--- INFORMATION SUPPLIED ---
----------------------------------------
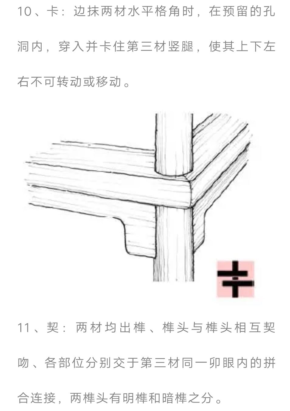 16、交:两材定位后的“十”字交或成角交,有固定交合和活络交合两种。
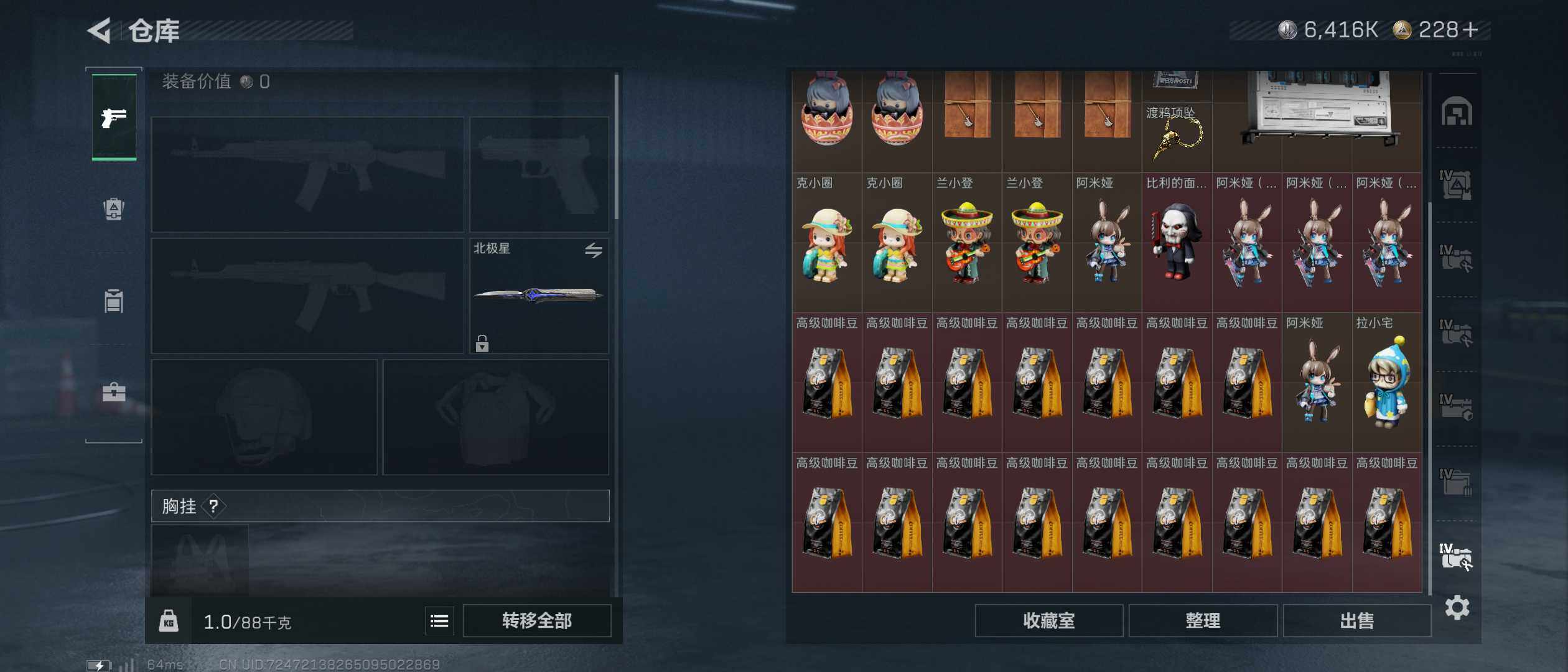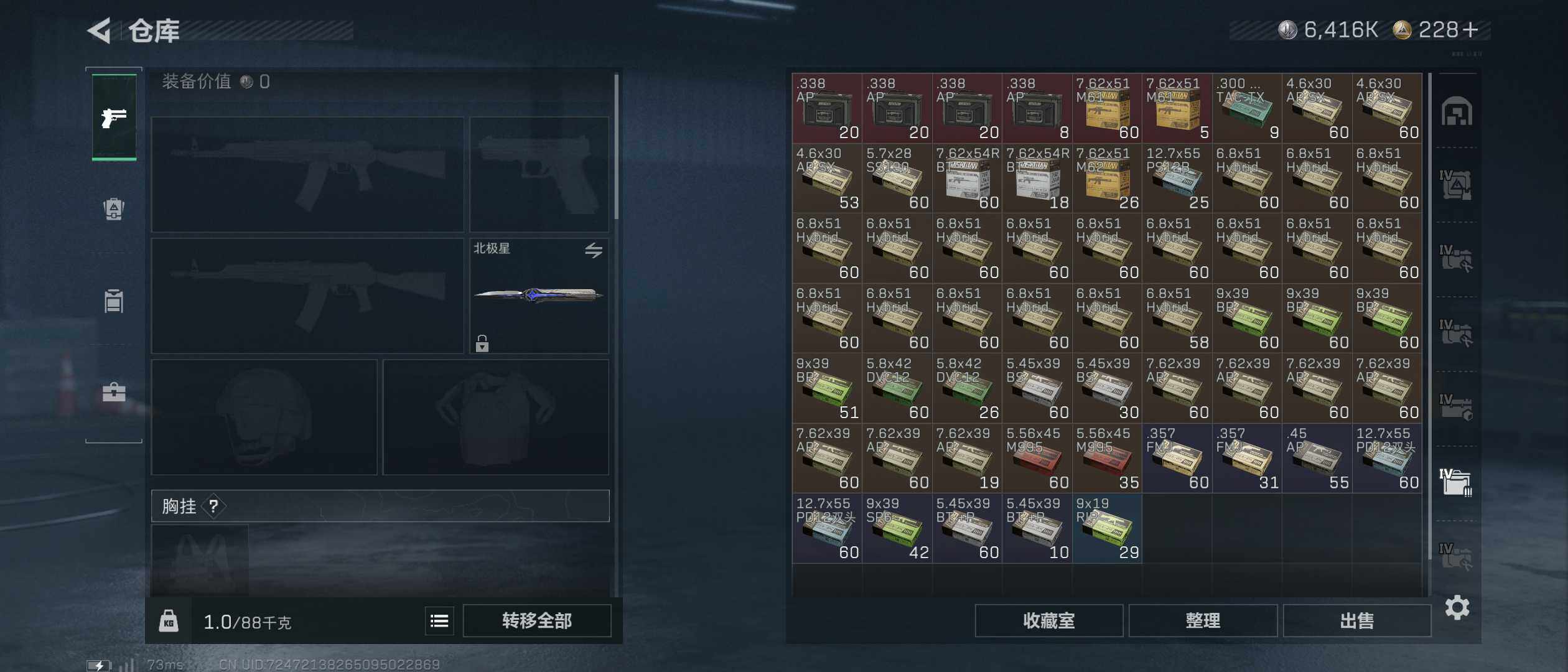 352m总资产-6416k哈伏币-60烽火等级-黑鹰-10战场等级-列兵【干
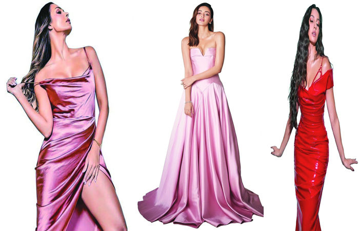 જ્યારે નોરા ફતેહીએ રાતા રંગનું માત્ર કટિ પર સફેદ બો ધરાવતું ઓફ શોલ્ડર શાટિન ગાઉન પહેરીને સાદગીનું સૌંદર્ય દર્શાવ્યું હતું. વાસ્તવમાં રાતો રંગ સ્વયં અનોખું આકર્ષણ જમાવતું હોવાથી તેમાં થોડી સાદી પેટર્ન અને નહીંવત એકેસેસરી પણ પૂરતી થઈ રહે. આ વાત ધ્યાનમાં લઈને જ નોરાએ એક્સેસરીમાં માત્ર બ્લેક પમ્પ્સ અને વિન્ટેજ ઈયરરિંગ્સ પહેર્યાં હતાં.
----------------------------------------
--- DESCRIPTION OF THE TASK ---
Please transcribe the lines from the one containing "352m总资产-6416k哈伏币-60烽火等级-黑鹰-10战场等级-列兵【干" to the last line of the listing, both included, exactly and with nothing added, leaving every picture out.

--- ANSWER TO THIS EXERCISE ---
 352m总资产-6416k哈伏币-60烽火等级-黑鹰-10战场等级-列兵【干
 જ્યારે નોરા ફતેહીએ રાતા રંગનું માત્ર કટિ પર સફેદ બો ધરાવતું ઓફ શોલ્ડર શાટિન ગાઉન પહેરીને સાદગીનું સૌંદર્ય દર્શાવ્યું હતું. વાસ્તવમાં રાતો રંગ સ્વયં અનોખું આકર્ષણ જમાવતું હોવાથી તેમાં થોડી સાદી પેટર્ન અને નહીંવત એકેસેસરી પણ પૂરતી થઈ રહે. આ વાત ધ્યાનમાં લઈને જ નોરાએ એક્સેસરીમાં માત્ર બ્લેક પમ્પ્સ અને વિન્ટેજ ઈયરરિંગ્સ પહેર્યાં હતાં.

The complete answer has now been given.